Patient Satisfaction Scores Lower for Large Urban Hospitals
Hospitals serving large populations of non-native English speakers perform worse on patient satisfaction scores that are tied to reimbursement from the US Centers for Medicare and Medicaid Services.
Hospitals serving large populations of non-native English speakers perform worse on patient satisfaction scores that are tied to reimbursement from the US Centers for Medicare and Medicaid Services (CMS).
With the 2010 implementation of the Affordable Care Act, hospitals have been encouraged to focus more on value-based services as opposed to fee-for-service models. In 2013, CMS’s Hospital-Value-Based Purchasing (HVBP) program began affecting reimbursement for more than 3000 hospitals across the United States, and this program will be fully implemented in 2017.

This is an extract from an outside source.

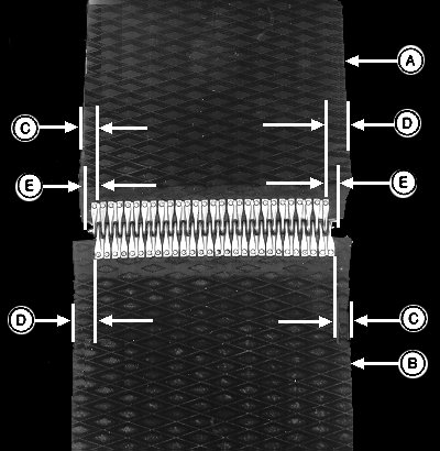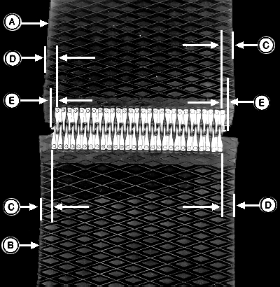 The belt expands when laces are installed. Check alignment of belt edges approximately 51 mm (2 in.) back from end of belt. Belt edges (A and B) should be aligned when belt is joined.

While CMS uses objective measures of hospital performance to determine reimbursement levels, patient satisfaction scores from the Hospital Consumer Assessment of Healthcare Providers and Systems (HCAHPS) surveys are also taken into consideration. This subjective measure will count toward 30% of the aggregate score until 2016, when it will decrease to 25% from then on.
To provide insight on how demographic factors and geography can predict hospitals’ patient satisfaction scores, researchers examined 3907 hospitals, 934,800 HCAHPS surveys, and 3144 county demographics and then published their findings in The Journal of Hospital Medicine.
The authors found large, urban hospitals serving more patients whose primary language was not English had lower HCAHPS scores. By comparison, smaller, non-urban hospitals serving more white patients with higher education levels tended to have higher HCAHPS scores.
“…There appears to be a nonrandom pattern of patient satisfaction scores across the country, with less favorable scores clustering in densely populated areas,” the researchers concluded.
To achieve more equity, the investigators developed the Weighted Individual (hospital) Patient Satisfaction Adjusted Score (WIPSAS), a new formula that “removes excessive influence of the top 4 contributors of patient satisfaction bias that are outside of the control of a hospital,” said senior study author Randall Holcombe, MD, in a press release.
The researchers noted critics of incentive-based programs contend the current reimbursement formulas are unfair to larger hospitals, academic medical centers, safety-net hospitals, and health care facilities in lower-income areas, while physician-based specialty hospitals tend to reap more rewards.
“CMS should consider WIPSAS or a similar adjustment to account for the severity of patient satisfaction inequities that hospitals could strive to correct,” they concluded.